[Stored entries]
━━━━

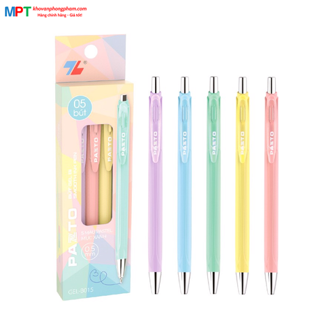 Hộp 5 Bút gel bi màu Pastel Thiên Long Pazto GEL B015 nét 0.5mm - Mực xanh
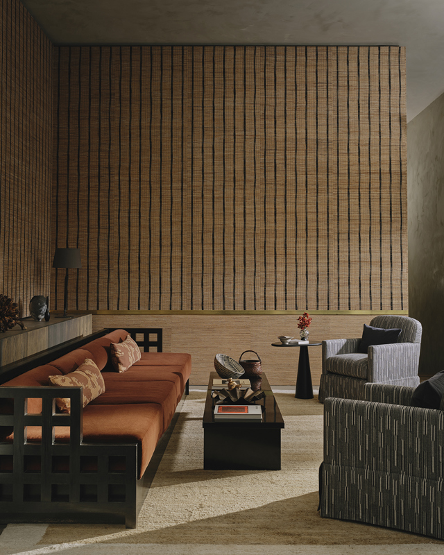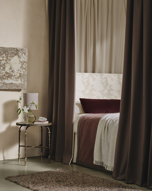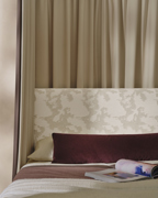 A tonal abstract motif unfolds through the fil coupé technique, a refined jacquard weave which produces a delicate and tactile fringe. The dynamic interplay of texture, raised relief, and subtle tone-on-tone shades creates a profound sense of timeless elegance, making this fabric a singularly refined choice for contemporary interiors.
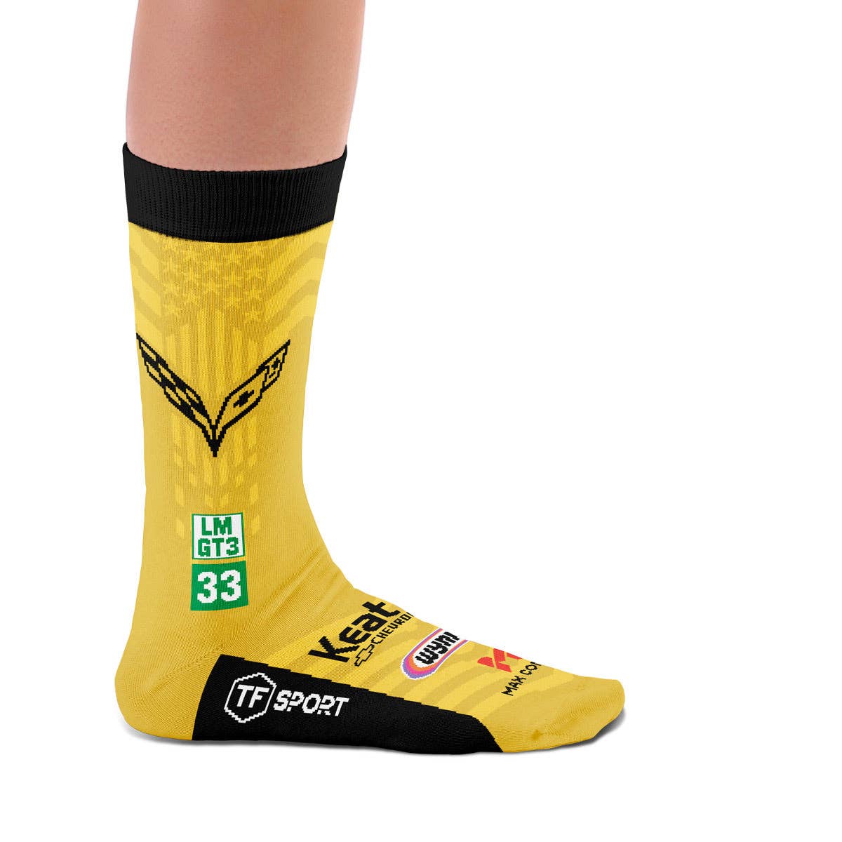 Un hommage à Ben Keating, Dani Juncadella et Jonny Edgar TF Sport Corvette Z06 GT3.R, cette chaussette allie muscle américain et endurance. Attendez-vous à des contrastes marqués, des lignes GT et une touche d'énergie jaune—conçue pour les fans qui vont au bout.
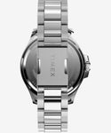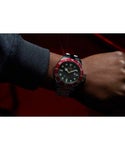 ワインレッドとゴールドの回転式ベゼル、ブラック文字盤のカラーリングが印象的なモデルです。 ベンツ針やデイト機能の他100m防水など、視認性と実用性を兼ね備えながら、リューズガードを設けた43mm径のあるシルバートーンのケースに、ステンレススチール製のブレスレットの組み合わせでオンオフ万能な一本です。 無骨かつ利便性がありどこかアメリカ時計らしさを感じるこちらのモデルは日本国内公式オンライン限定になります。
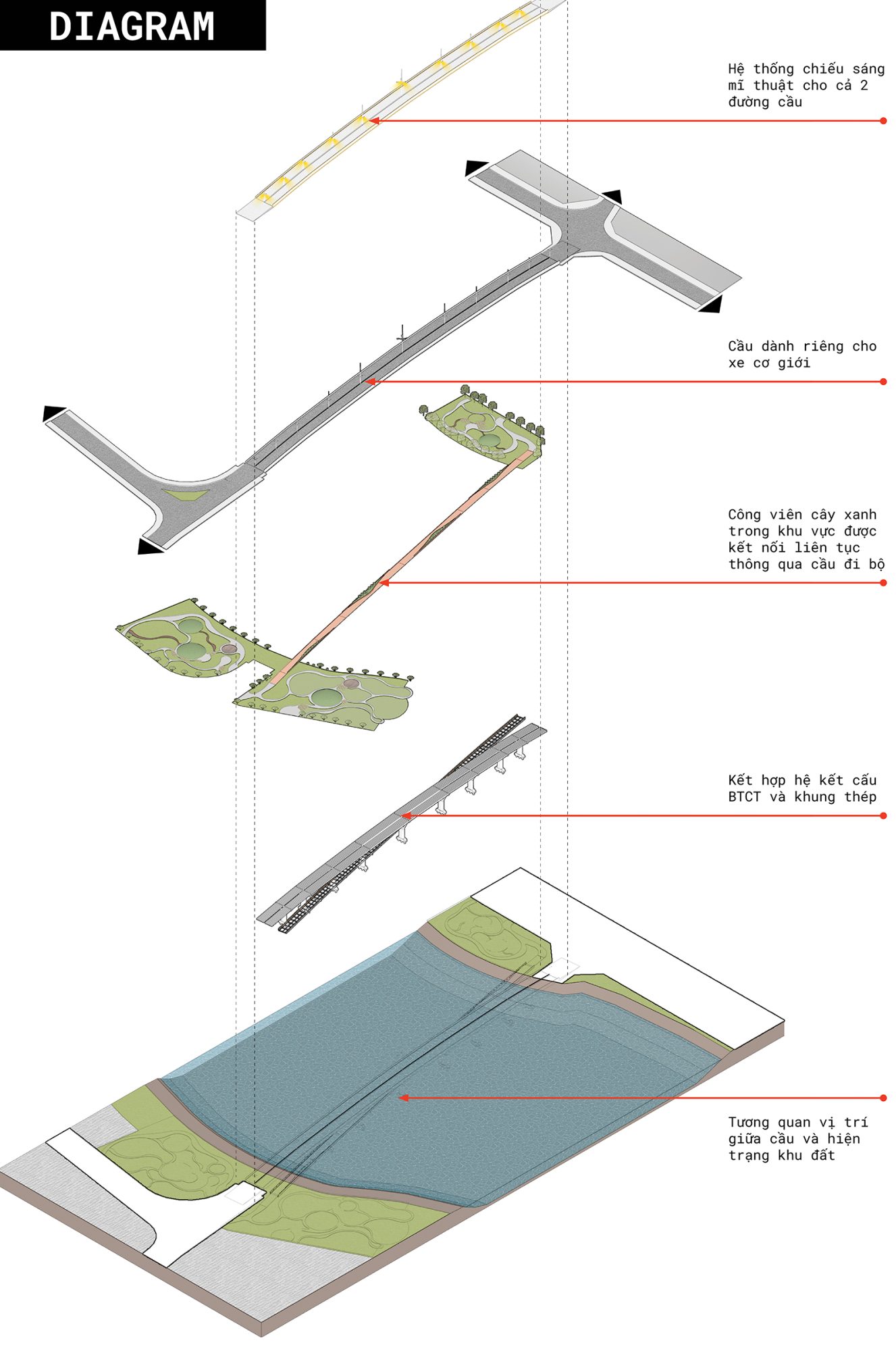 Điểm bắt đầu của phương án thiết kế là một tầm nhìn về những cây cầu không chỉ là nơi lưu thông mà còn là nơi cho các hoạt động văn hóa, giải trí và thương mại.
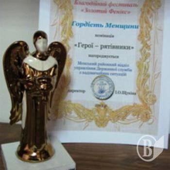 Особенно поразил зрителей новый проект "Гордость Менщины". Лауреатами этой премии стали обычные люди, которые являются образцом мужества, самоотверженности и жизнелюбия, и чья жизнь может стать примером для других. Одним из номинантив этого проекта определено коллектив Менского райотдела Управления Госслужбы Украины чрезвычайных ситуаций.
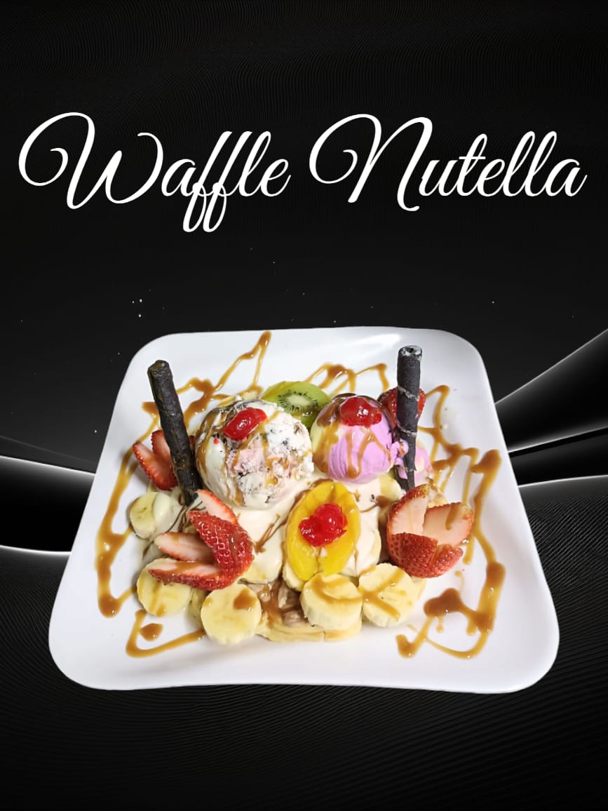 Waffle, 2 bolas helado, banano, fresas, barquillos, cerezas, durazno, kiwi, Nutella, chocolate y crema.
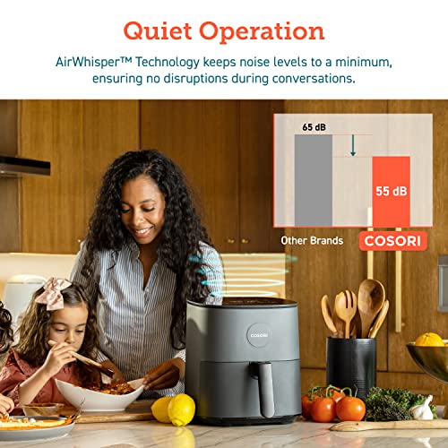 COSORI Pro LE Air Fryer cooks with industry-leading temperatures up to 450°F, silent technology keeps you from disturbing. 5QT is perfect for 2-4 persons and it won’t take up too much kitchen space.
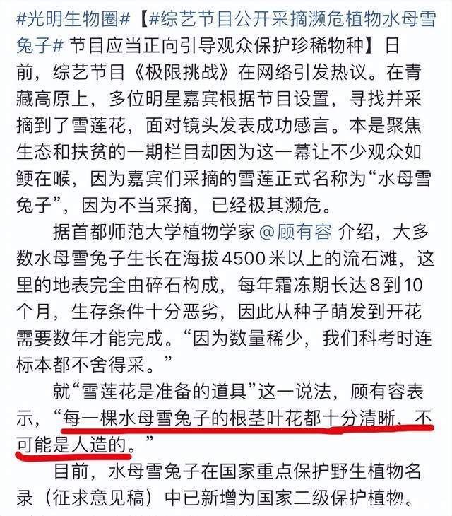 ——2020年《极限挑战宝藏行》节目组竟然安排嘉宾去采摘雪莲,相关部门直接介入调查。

━━━━

- **EXERCISE OBJECTIVE**:
Exactly as written above, retype the lines starting at the one holding "Điểm bắt đầu" and ending at the one holding "Особенно поразил зрителей", both included, but not the pictures.

- **ANSWER FOR THE TASK**:
 Điểm bắt đầu của phương án thiết kế là một tầm nhìn về những cây cầu không chỉ là nơi lưu thông mà còn là nơi cho các hoạt động văn hóa, giải trí và thương mại.
 Особенно поразил зрителей новый проект "Гордость Менщины". Лауреатами этой премии стали обычные люди, которые являются образцом мужества, самоотверженности и жизнелюбия, и чья жизнь может стать примером для других. Одним из номинантив этого проекта определено коллектив Менского райотдела Управления Госслужбы Украины чрезвычайных ситуаций.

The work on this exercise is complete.